Wednesday, February 02, 2011

HTTP Viewers

I found something that is very similar to Web-sniffer.net (an HTTP viewer/proxy)...it is called "Rex Swain's HTTP Viewer". That's a mouthful, so I'll call it RSHV.

One thing that Web-sniffer can't do is allow for referer configuration. RSHV will let you configure the referer (in fact, this appears to be a recently added feature). Why is this sometimes important? Read here. In comparison to Web-Sniffer.net, RSHV is better documented. A con of RSHV is that it won't do HTTPS.

Why do I call these HTTP viewers proxies? Well, they are. When you utilize those tools to view, for example, pages/headers at wigglit.ath.cx, if you check the web logs at wigglit.ath.cx, you'll see the traffic you generated came from someone else's IP (and not the one that was assigned to your machine when you visited wigglit.ath.cx). That's a protection, in my opinion...this means you can conduct research without having to use a lab system to prevent infection.

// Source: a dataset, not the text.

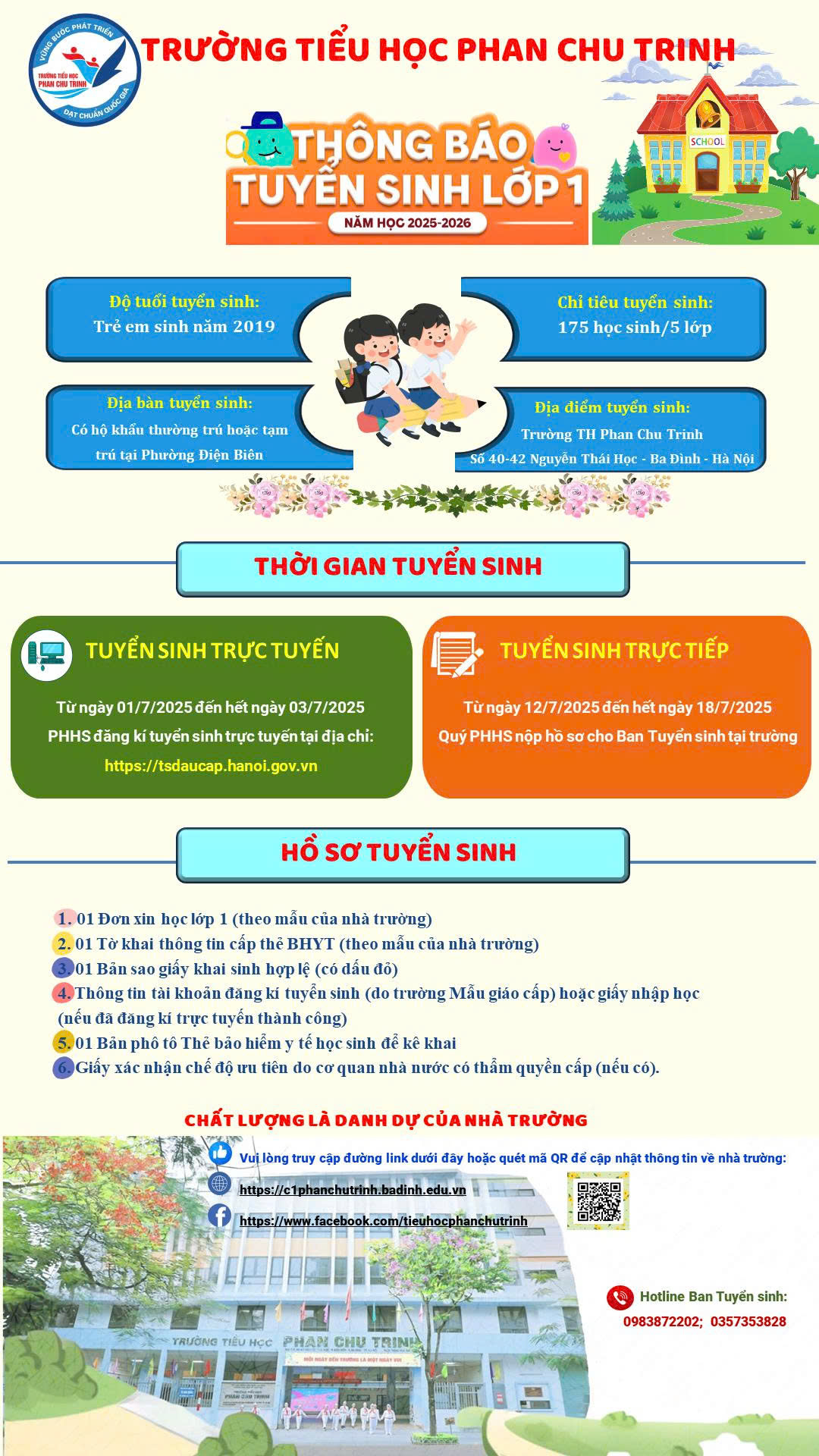Thông báo về công tác Tuyển sinh trực tiếp lớp 1 - Năm học 2025-2026 của trường Tiểu học Phan Chu Trinh – phường Ba Đình, thành phố Hà Nội

Note that the services these two tools provide can be done on pretty much any computer (*nix or win32/64). Just use telnet. Of course, wget can also be used (or fetch or curl), but I consider that to be a more cumbersome solution (although you may be able to create scripts that you can use wget/fetch/curl with).

Utilizing such tools in such a manner is important when conducting security analysis (for instance, validating that a certain website is or isn't compromised and serving malware).